A little while ago, I happened to mention that I've recently seen Bring It On. [livejournal.com profile] ninebelow opined that it was the best teen film ever; I rejoined that in my opinion, the crown belonged now and forever to Clueless. At this point, [livejournal.com profile] flickgc and [livejournal.com profile] danmilburn, with backup from [livejournal.com profile] applez, put a strong word forward for Heathers. Now, I'd never seen Heathers, and said as much, so [livejournal.com profile] danmilburn offered to lend me his copy. Tonight, I watched it.

The first thing to note is that comparing Clueless and Heathers is comparing chalk and cheese, or at least chalk and some other form of calcium carbonate. Yes, they're both 'teen movies', but where Clueless is witty and frothy, Heathers is cynical and black. It's the story of Veronica, a smarter-than-average high-school student who's somehow become an honorary member of the pre-eminent school clique: the Heathers, so called because all of the other three girls in the clique are called Heather. They are brutal and crude, in a way that the PG-rated Queen Cs of the cinema world could never get away with (and indeed, you imagine would be too classy to stoop to). It's not clear how Veronica, who is deeply uncomfortable with the group, has become a member; it's even less clear why.

Relatively quickly, Veronica falls into the world of the latest school rebel, all Spike-like black coat and red shirt, JD--Jason Dean. After one particularly humiliating night out, Veronica confesses to JD that she wishes the Heathers, or at least the lead Heather, were dead. You can see where this is going: without quite knowing how (the film frequently has a dreamlike, vaguely surreal air to it), Veronica ends up an accomplice to Heather's murder. At JD's prompting, she fakes a suicide note that puts them in the clear, but has the unpredicted side-effect of making Heather even more popular in death than she was in life. And that's just the start; increasingly, Veronica finds herself drawn into JD's bleak, sociopathic undertow.
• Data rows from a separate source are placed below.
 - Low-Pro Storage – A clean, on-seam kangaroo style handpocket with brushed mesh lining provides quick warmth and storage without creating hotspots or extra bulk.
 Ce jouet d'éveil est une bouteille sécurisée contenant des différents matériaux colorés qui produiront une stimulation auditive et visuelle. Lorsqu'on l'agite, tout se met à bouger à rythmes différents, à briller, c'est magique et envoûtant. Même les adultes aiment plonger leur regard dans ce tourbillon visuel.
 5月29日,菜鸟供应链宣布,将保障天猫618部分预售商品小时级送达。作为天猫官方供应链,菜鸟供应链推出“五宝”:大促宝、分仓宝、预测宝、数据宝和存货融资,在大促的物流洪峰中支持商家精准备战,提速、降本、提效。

Heathers aspires, in a way that Clueless does not, to social critique. The school, says JD at one point, isn't ignored by society; it is society; so of course another Heather moves into the power vacuum left by the demise of the first. And now and then, this metaphor throws up what I think are moments of real wisdom. For example, when Veronica is trying to describe the Heathers, she says 'it's like they're people I work with, and our job is being popular and shit!' Or there's Veronica's mother's acute observation: 'when teenagers say they want to be treated like adults, it's usually because they are being treated like adults.'

In the end, though, my suspension of disbelief snapped. Partly (oddly, because I'm not usually bothered by such things) because there were some obvious moments when logic was ignored for the sake of the plot--in the final confrontation, why doesn't Veronica just trip the fire alarm to evacuate the school?--but mostly because, well, it's not an accurate match. A high school is not really much like wider society. There are certainly similarities, and it can be a rich source of comparison, but the environment is too artificial, too subject to external control, to be an exact match.
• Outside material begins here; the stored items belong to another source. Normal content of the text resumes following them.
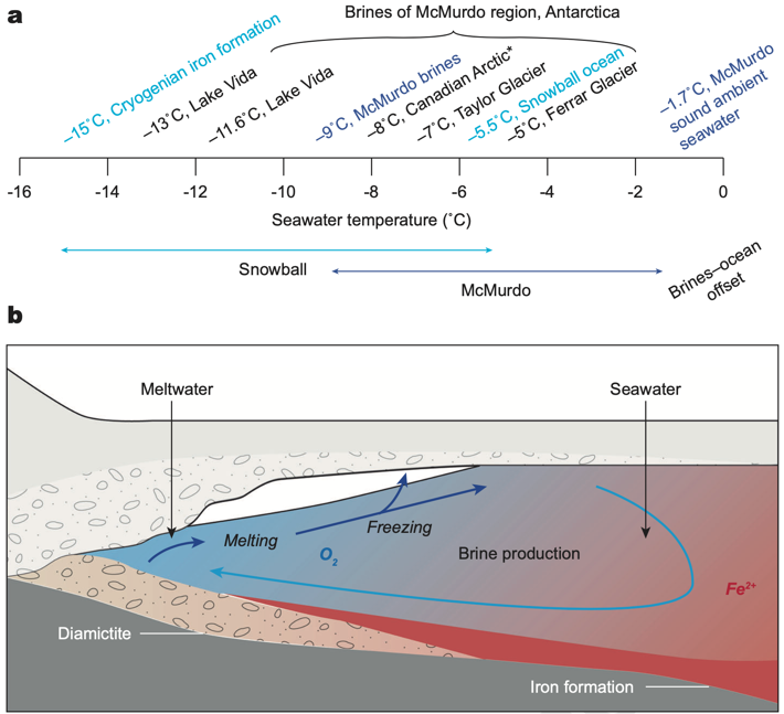 a)雪球时期与现代南极水域温度对比;(b)成冰纪铁建造沉积与卤水形成模式
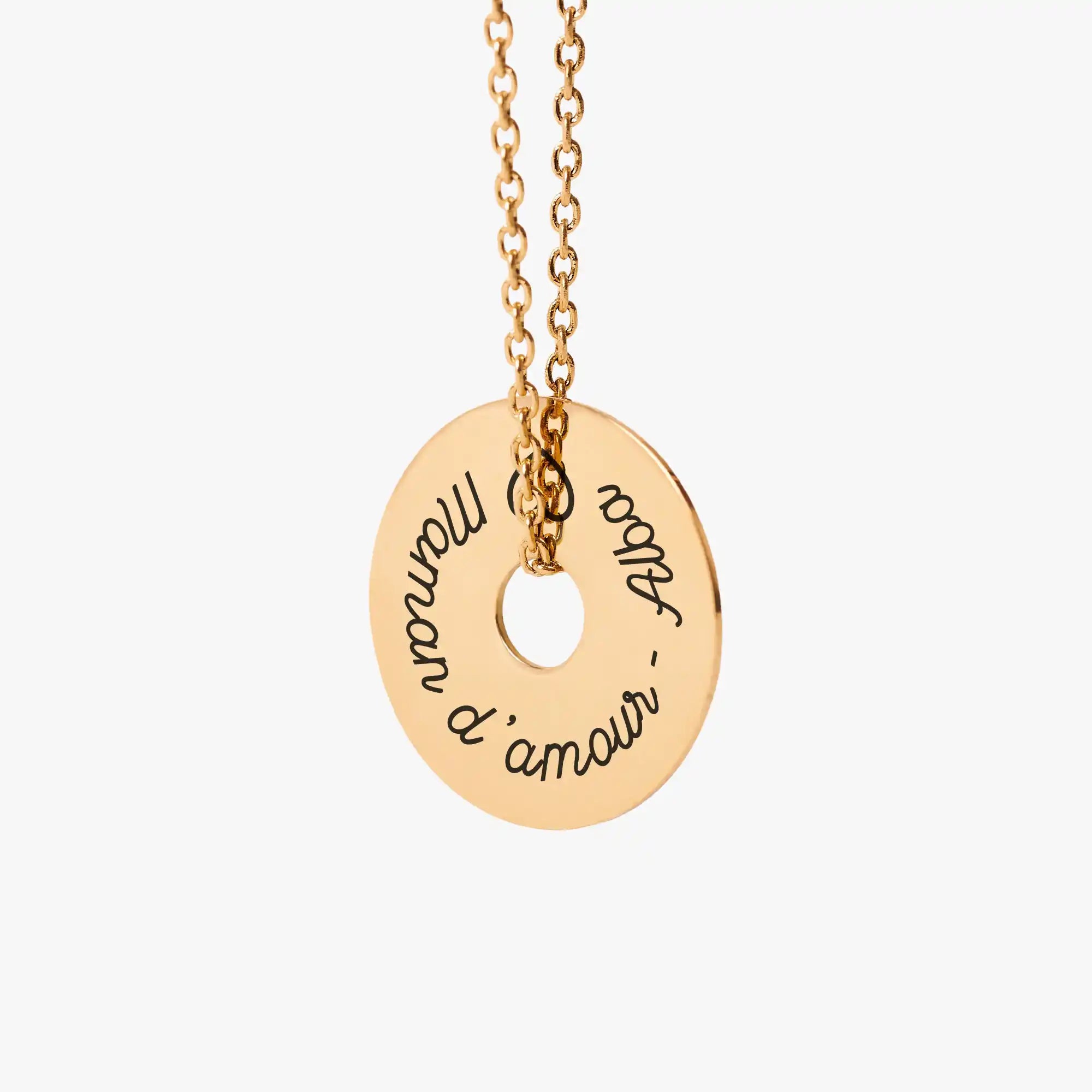 Créez un collier personnalisé unique, en gravant la médaille au recto et au verso. Votre bijou sera soigneusement personnalisé dans notre atelier en France et expédié sous 48h.
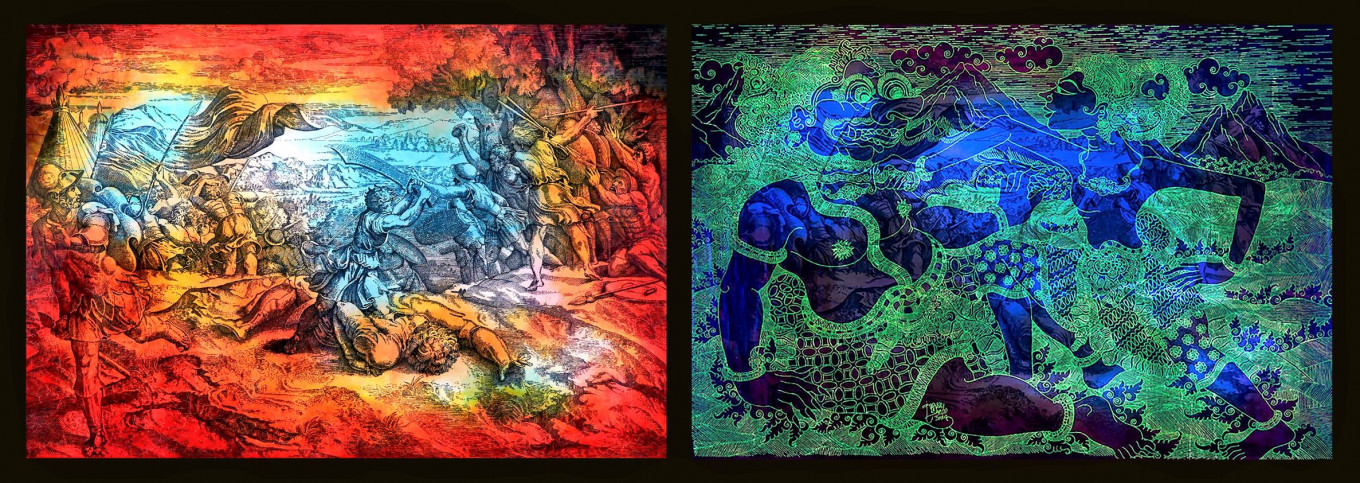 Eddy uses a piece by Italian Renaissance engraver Marcantonio Raimondi, David Beheading Goliath, superimposes it with Latin text from the Dead Sea Scrolls, that renders a rather realistic portrayal of the event that, when turning on a UV light, transforms into the Javanese event in a truly fascinating technical feat.
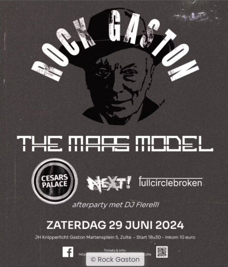 Op de affiche staan: Fullcirclebroken, NeXt!, Cesars Palace en The Mars Model.
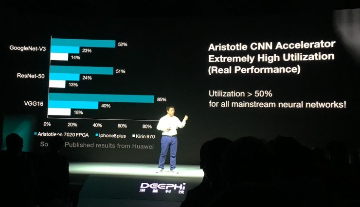 2017 年 10 月 24 日,专注于提供深度学习软硬件一体解决方案的中国创业公司——深鉴科技,宣布完成 A+ 轮 4000 万美元融资;而这轮融资的领投方,就包括三星。深鉴科技目前已经推出了数款深度学习处理器(DPU)产品,其中有一款是基于 FPGA 的 Aristotle 加速器,这款产品被深鉴科技用于与苹果 A11 和华为麒麟 970 进行对比,可见这类产品用于智能手机的潜在可能性。
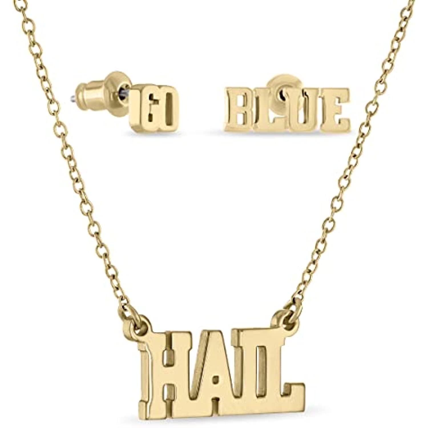• Your Perfect Fit - These University of Michigan stud earrings and adjustable necklace are always the perfect fit! Show off your beloved Michigan football team and school with this simple yet elegant gold jewelry set. The GO BLUE earrings measure 6.36mm (GO), 14.00mm (BLUE) wide x 5.08mm tall; the HAIL necklace is adjustable from 16-20 inches.

Mind you, at times I have difficulty believing I actually know what an American High School is like. For all I know, the self-perpetuating presentation of them on television and in films--cheerleaders and jocks and nerds and all--may just be as inaccurate as a myth. It's hard to tell, and maybe that affects my perception of Heathers, because maybe it bleeds into my reading of the film's metaphor. And I'm not saying it's a bad film--it's not. It has mesmerising performances from Christian Slater and Winona Ryder, and a number of interesting things to say, and I'm glad I've seen it.

In the end, though, I prefer Clueless. I could wax more pretentious, and say that I prefer it because it targets the larger-than-life myth of high school directly, rather than trying to use it as a metaphor for something else; or I could keep it simple, and say that I just prefer it because I enjoy it more. The truth would probably include elements of both.

So: any other nominations for the accolade of Best Teen Movie Ever?